═════ Records shown

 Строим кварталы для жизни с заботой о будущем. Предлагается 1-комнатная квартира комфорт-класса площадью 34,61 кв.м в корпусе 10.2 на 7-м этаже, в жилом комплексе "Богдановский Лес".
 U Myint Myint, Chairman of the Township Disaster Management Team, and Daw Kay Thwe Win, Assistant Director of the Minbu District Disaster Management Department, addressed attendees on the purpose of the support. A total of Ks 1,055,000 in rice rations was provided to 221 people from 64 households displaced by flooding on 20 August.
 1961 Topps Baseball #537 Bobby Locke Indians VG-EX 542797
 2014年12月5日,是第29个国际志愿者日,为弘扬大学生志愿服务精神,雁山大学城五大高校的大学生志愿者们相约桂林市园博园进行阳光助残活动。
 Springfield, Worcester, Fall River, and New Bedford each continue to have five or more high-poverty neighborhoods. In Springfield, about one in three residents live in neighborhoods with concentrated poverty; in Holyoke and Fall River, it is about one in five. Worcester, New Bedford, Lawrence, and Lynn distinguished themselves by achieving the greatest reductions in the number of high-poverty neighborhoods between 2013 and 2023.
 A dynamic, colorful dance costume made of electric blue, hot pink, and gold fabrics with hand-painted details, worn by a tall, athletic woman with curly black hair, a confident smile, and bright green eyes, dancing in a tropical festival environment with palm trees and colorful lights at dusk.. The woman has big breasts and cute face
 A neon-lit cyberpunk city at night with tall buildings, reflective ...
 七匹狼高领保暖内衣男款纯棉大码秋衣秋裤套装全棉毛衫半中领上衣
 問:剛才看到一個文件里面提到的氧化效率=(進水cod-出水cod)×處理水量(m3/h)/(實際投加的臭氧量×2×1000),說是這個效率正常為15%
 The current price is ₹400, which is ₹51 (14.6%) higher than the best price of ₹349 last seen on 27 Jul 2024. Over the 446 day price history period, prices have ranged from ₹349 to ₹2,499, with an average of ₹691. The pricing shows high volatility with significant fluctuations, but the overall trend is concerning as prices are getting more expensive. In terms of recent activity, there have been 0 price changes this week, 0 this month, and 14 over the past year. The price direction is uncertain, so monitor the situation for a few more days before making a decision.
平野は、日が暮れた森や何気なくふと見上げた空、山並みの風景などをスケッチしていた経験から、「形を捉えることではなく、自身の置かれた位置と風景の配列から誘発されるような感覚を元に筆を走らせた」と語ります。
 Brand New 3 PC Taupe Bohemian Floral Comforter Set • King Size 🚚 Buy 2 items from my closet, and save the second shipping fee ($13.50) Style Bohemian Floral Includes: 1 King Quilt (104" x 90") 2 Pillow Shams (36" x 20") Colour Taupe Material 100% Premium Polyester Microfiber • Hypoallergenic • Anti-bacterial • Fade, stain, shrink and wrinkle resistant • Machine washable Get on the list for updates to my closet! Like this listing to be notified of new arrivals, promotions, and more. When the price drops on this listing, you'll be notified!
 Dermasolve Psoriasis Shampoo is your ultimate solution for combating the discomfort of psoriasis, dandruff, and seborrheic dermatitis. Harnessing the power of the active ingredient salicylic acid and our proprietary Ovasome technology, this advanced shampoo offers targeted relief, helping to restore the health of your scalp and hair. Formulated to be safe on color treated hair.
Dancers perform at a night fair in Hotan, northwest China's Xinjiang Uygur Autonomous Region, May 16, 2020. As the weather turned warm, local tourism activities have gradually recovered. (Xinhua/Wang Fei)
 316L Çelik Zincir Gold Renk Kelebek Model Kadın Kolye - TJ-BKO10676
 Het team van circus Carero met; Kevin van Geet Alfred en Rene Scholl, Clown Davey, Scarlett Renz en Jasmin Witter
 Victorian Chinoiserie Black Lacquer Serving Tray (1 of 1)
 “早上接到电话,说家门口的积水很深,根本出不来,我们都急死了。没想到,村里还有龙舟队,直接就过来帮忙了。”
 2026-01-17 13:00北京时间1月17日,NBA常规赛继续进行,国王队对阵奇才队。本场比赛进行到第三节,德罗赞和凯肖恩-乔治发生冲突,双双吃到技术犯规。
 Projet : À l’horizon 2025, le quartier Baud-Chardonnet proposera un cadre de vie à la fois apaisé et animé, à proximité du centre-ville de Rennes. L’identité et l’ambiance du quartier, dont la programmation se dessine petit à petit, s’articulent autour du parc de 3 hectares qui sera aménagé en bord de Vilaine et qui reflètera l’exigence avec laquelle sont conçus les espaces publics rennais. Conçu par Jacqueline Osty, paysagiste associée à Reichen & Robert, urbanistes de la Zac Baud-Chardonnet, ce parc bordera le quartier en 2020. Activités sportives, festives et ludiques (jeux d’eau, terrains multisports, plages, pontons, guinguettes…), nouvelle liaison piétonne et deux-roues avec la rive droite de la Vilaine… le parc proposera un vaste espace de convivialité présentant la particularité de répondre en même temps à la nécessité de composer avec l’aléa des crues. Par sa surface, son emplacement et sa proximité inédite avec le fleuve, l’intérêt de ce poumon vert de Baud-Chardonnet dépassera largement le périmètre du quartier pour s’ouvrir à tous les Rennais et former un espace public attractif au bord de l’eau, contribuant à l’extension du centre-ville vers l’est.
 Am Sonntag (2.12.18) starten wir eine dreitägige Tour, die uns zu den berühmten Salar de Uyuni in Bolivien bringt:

══════════

Please output exactly the lines between the one holding "A neon-lit cyberpunk" and the one holding "The current price" in the records above, inclusive, and nothing more.

 A neon-lit cyberpunk city at night with tall buildings, reflective ...
 七匹狼高领保暖内衣男款纯棉大码秋衣秋裤套装全棉毛衫半中领上衣
 問:剛才看到一個文件里面提到的氧化效率=(進水cod-出水cod)×處理水量(m3/h)/(實際投加的臭氧量×2×1000),說是這個效率正常為15%
 The current price is ₹400, which is ₹51 (14.6%) higher than the best price of ₹349 last seen on 27 Jul 2024. Over the 446 day price history period, prices have ranged from ₹349 to ₹2,499, with an average of ₹691. The pricing shows high volatility with significant fluctuations, but the overall trend is concerning as prices are getting more expensive. In terms of recent activity, there have been 0 price changes this week, 0 this month, and 14 over the past year. The price direction is uncertain, so monitor the situation for a few more days before making a decision.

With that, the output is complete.